I'm using Camelot Python Library to read all tables in a page of pdf document
I'm tring to read all tables at page 10 in this pdf
I tried to debug plotting the page and I noticed something if I change the flavor:
This is with flavor lattice
This is with flavor stream
The problem is if I use lattice flavor it will not read properly the tables an example here
If I use flavor='stream', It will read data properly but just of one table: The output is somenthing like this.
I tried to use table_area/table_regions for detect the two tables with flavor='stream', but it didn't work. I paste the code down here.
Code with lattice:
import camelot
file = "2022/Auto-trend0122.pdf"
tables = camelot.read_pdf(file,pages='10',flavor='lattice',edge_tool=1500)
print("Total tables extracted:", tables.n)
print(tables[0].df) camelot.plot(tables[0],filename="try_plot.png", kind='contour')
print(tables[1].df)
Code with stream, without table_area/table_regions:
import camelot
file = "2022/Auto-trend0122.pdf"
tables = camelot.read_pdf(file,pages='10',flavor='stream', edge_tool=1500)
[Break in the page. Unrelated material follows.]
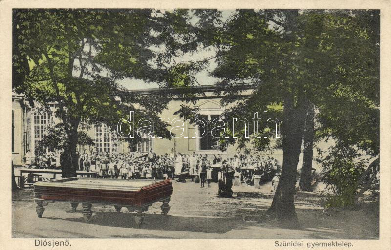 Diósjenő, Szünidei gyermektelep, biliárd asztal (?) https://www.darabanth.com/de/272-Fernauktion/272.0/Ansichtskarten/Ungarn~200075/Diosjeno-Szunidei-gyermektelep-biliard-asztal-~II1387406
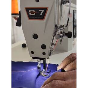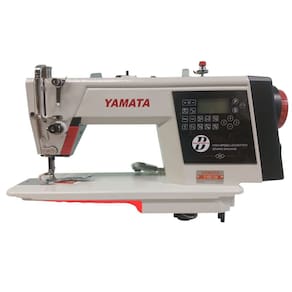 Máquina de costura reta industrial com motor de passo, alta velocidade (até 4.500 pontos/minuto), versátil para diversos tecidos, lubrificação automática, controle de velocidade, parada de agulha e levantador de calcador automático. Possui corte de linha automático e arremate programado. Motor Direct-Drive silencioso e econômico.Alça retrátil

print("Total tables extracted:", tables.n)
print(tables[0].df)
camelot.plot(tables[0],filename="try_plot.png", kind='contour')
Code with stream, with table_area:
import camelot
file = "2022/Auto-trend0122.pdf"
tables = camelot.read_pdf(file,pages='10',flavor='stream',edge_tool=1500,table_area=['10,450,550,50','10,750,550,450'])
print("Total tables extracted:", tables.n)
print(tables[0].df)
camelot.plot(tables[0],filename="try_plot.png", kind='contour')
Code with stream, with table_regions:
import camelot
file = "2022/Auto-trend0122.pdf"
tables = camelot.read_pdf(file,pages='10',flavor='stream',edge_tool=1500,table_regions=['10,450,550,50','10,750,550,450'])
print("Total tables extracted:", tables.n)
print(tables[0].df)
camelot.plot(tables[0],filename="try_plot.png", kind='contour')
The output for table_regions/table_area/without is the same.
CodePudding user response:
The problem is that you are using table_area instead of the correct parameter table_areas
(read the docs).
The following command works perfectly:
tables = camelot.read_pdf(file,pages='10', flavor='stream', edge_tool=1500, table_areas=['10,450,550,50','10,750,550,450'])
Difference between table_areas and table_regions
table_areas
should be used when you know the exact position of the table. Conversely, table_regions
makes the detection engine look for tables only in those generic page regions.